Having a probability weighted peak sales NPV approach isn’t that different from what was seen with the NASH analysts. It would still pay to get some US coverage. Also, since they do the DCF product by product for each indication, if you can show 2-4 indications off the bat that are in the “large river” areas of cancer therapy, I suspect you’d get pretty decent numbers even with Phase 1 data readout. Having all those shots on goal is very positive factor. Those data readouts seem pretty common, so I would hope THTX has ongoing releases as they learn about their medicines. The SMID cap guys down here seem to consider these things material or they want it out there for transparency and education.

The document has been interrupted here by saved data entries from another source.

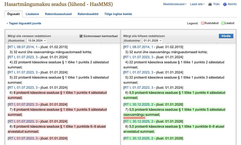 Oluline on ka see, et 2027. aasta ja järgnevates seaduseredaktsioonides seda kurikuulsat sõna „osavusmäng“ enam ei esine. Just see ajaliselt kitsas kehtivusaeg võimaldas luua lühiajalise, kuid rahaliselt väga suure mõjuga maksuerandi, mille hinnanguline maksumus on 2–2,5 miljonit eurot.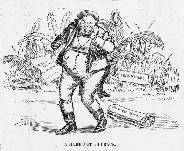 | Keywords: A Hard Nut to Crack - JM Staniforth.png Political cartoon by JM Staniforth showing John Bull the national personification of Great Britain struggling with the Uitlanders issue in Transvaal which would ultimatley lead to the Second Boer War http //papuraunewyddcymru llgc org uk/en/page/view/3286078 Evening Express Wales 1899-06-10 Jospeh Morewood Staniforth Cartoons by Joseph Morewood Staniforth John Bull 1899 in Wales Political cartoons of the United Kingdom Second Boer War in art 1890s political cartoons PD-old-70-1923 |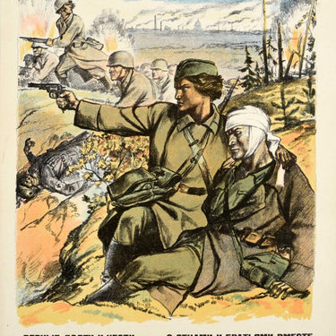 Original vintage World War Two Soviet propaganda poster - Faithful to the duty and honour of the land defending their own with fathers and brothers Leningrad women go into battle together / Верные долгу и чести края защищая свои С отцами и братьями вместе идут Ленинградки в бои - featuring a young lady in military uniform tending to a wounded soldier with a bandage around his head whilst holding up a pistol gun in her other hand, carrying a medical Red Cross bag around her shoulder, in front of a battle scene showing army soldiers in uniform on a hill and a dead Nazi German soldier on the ground with explosions behind them and smoke rising from the city skyline on the horizon, the bold black text below. The Siege of Leningrad (now St Petersburg) was a military blockade by Nazi Germany that lasted from 1941-1944, causing destruction to the city and a huge loss of civilian life (more than the combined casualties of America and Britain during the entire war). Excellent condition, minor staining, backed on linen.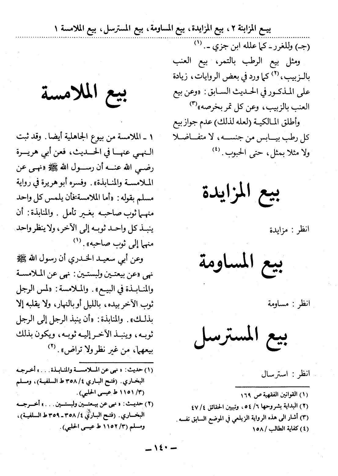 (1) حديث: " نهى عن الملامسة والمنابذة. . . " أخرجه البخاري. (فتح الباري 4 / 358 ط السلفية) ، ومسلم (3 / 1151 ط عيسى الحلبي) .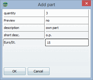 Enter the relevant details for the part and confirm with .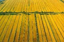 看着一幅幅美丽的田园画卷,橙色的抽油机隐约地起伏在稻田深处,游人可以静静地看,近近地看,养眼、舒适,不愿离去。这里就是以每年7亿斤清香的优质稻米走进世界的每一个角落的盘锦稻田。盘锦盛产大米、素有“鱼米之乡”的美誉,是我国重要的商品粮和优质大米出口基地。“盘锦大米”享誉海内外。它生长在温暖湿润的的海洋性气候下,生长在偏碱性的黑土壤里,有辽河水的灌溉,温度适宜,生长期长,籽粒饱满,营养丰富,曾被选为北京奥运会食用米。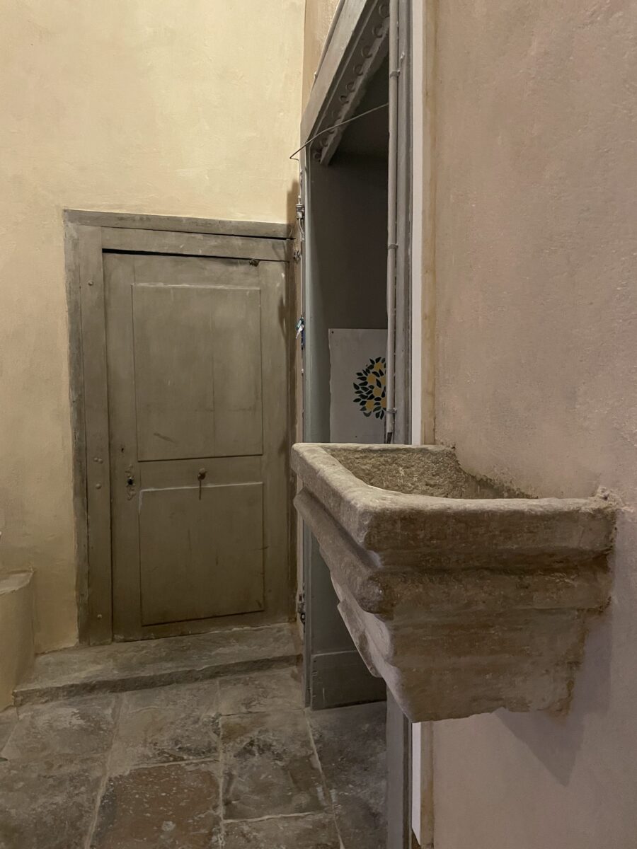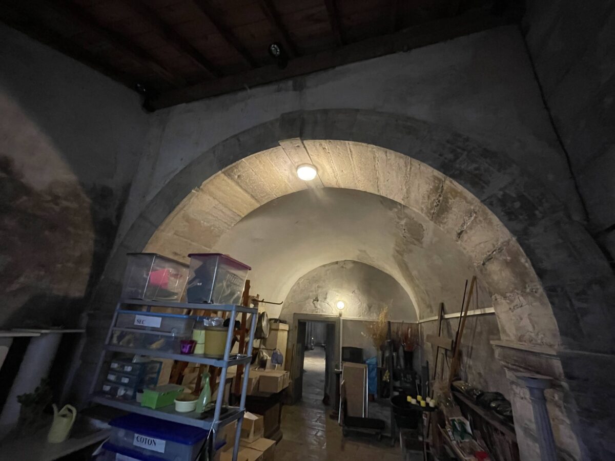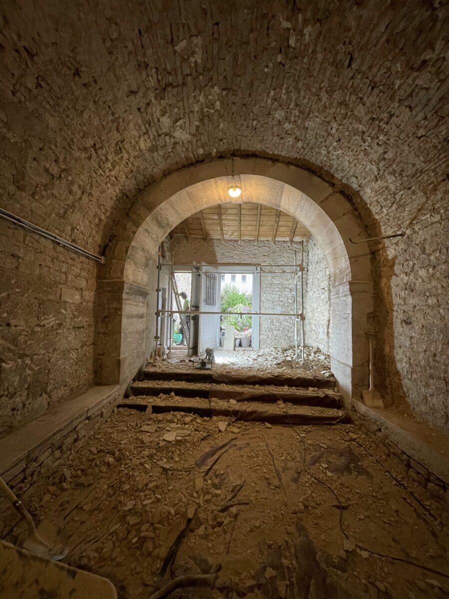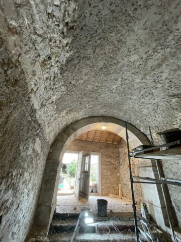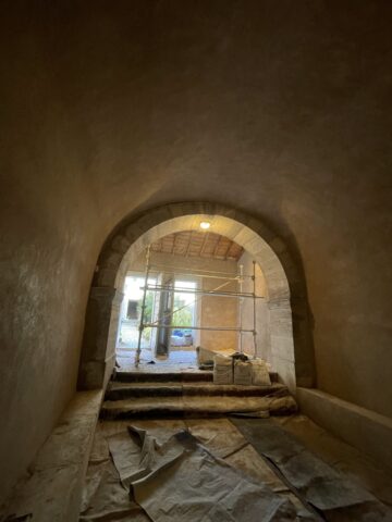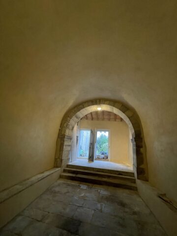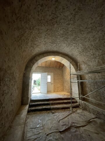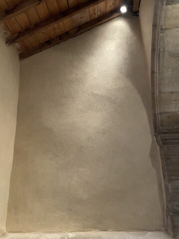 L’ensemble des mur a été décroûté puis rempoché puis enduit. Un badigeon légèrement teinté avec de l’ocre jaune clair a été appliqué au final.

Not knowing the kind of revenue numbers the SORT1 platform is going for yet (although likely large), I took a look at a company in their coverage that shows revenues from 4 indications progressively growing from 0 in 2020 to $163mil , $295, $512, $745, $1307bil over the next 5 years. I have no clue if that’s remotely close to what anyone would estimate for THTX and it’s way to early, but if you did have a progression like that, his model values it, using 12% discount and 56% probability of success, at $5.9billion today with his price target. His peak sales is $2.8bil in 2027. I know we’re a long, long way from that and I provide this purely as a framework to pull out later this year hopefully. But if there is eventually a view that TH1902 has a 60% probability of success and those would be the revenue numbers, that’s the kind of market cap you’d have as a target. The current market cap of that company (Iovance Biotherapeutics) is a bit over $6bil now.
Once again, just a look at a valuation framework, not what THTX has since we have no Hard Facts on Humans.